Physical properties and band structure of reactive molecular beam epitaxy grown oxygen engineered HfO$_{2\pm x}$

TL;DR

This study investigates how oxygen vacancies in HfO₂ thin films grown by reactive MBE affect their structure, band gap, conductivity, and magnetic properties, revealing tunable electronic features without ferromagnetism.

Contribution

It provides detailed insights into the structural and electronic modifications of HfO₂ due to oxygen engineering during MBE growth, highlighting the formation of defect bands and tunable resistivity.

Findings

Band gap decreases by over 1 eV with more oxygen vacancies.

High vacancy concentrations lead to defect bands and p-type conductivity.

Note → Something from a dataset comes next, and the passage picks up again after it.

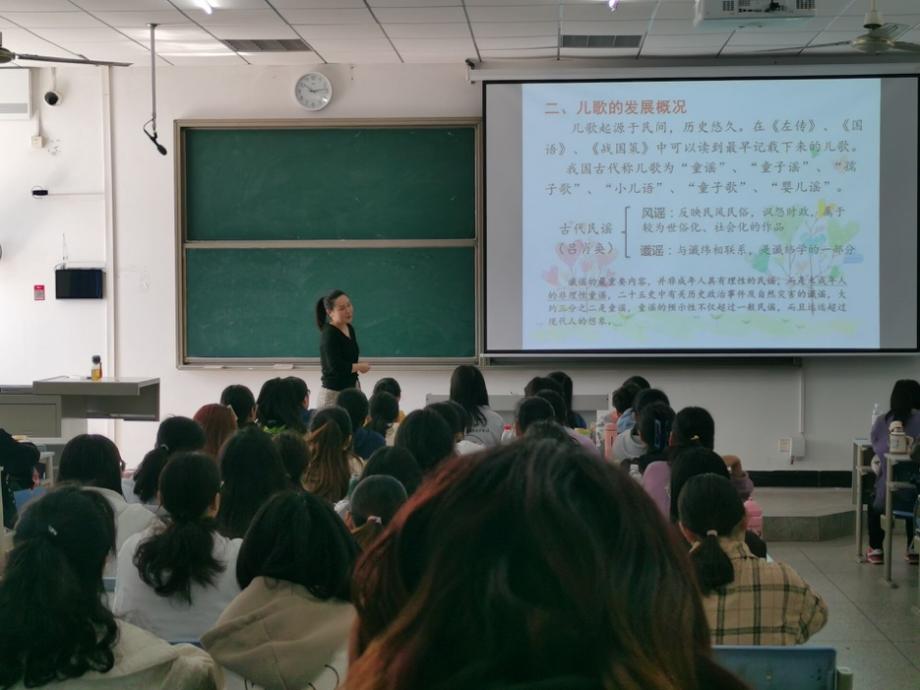 2023年3月14日上午,风速体育在科技大楼9408进行示范课观摩活动。本次主讲教师是小学教育系朱培芳老师,主讲内容为《儿童文学》中的《儿歌》部分。学校督导张海丽教授、崔波副经理和学院部分教师参与了听课。
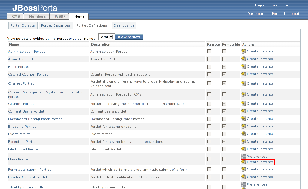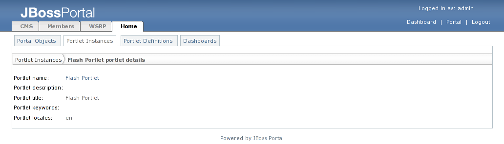 Type in "Flash Portlet" as the instance name in the textbox at the bottom of the page, and click on the "Create Instance" button. The resulting view will show the summary information about the "Flash Portlet" portlet instance that we created. (Figure 46).

Oxygen vacancies do not induce ferromagnetic behavior.

Abstract

We have conducted a detailed thin film growth structure of oxygen engineered monoclinic HfO$_{2\pm x}$ grown by reactive molecular beam epitaxy (MBE). The oxidation conditions induce a switching between ($\bar{1}11$) and (002) texture of hafnium oxide. The band gap of oxygen deficient hafnia decreases with increasing amount of oxygen vacancies by more than 1 eV. For high oxygen vacancy concentrations, defect bands form inside the band gap that induce optical transitions and $p$-type conductivity. The resistivity changes by several orders of magnitude as a function of oxidation conditions. Oxygen vacancies do not give rise to ferromagnetic behavior.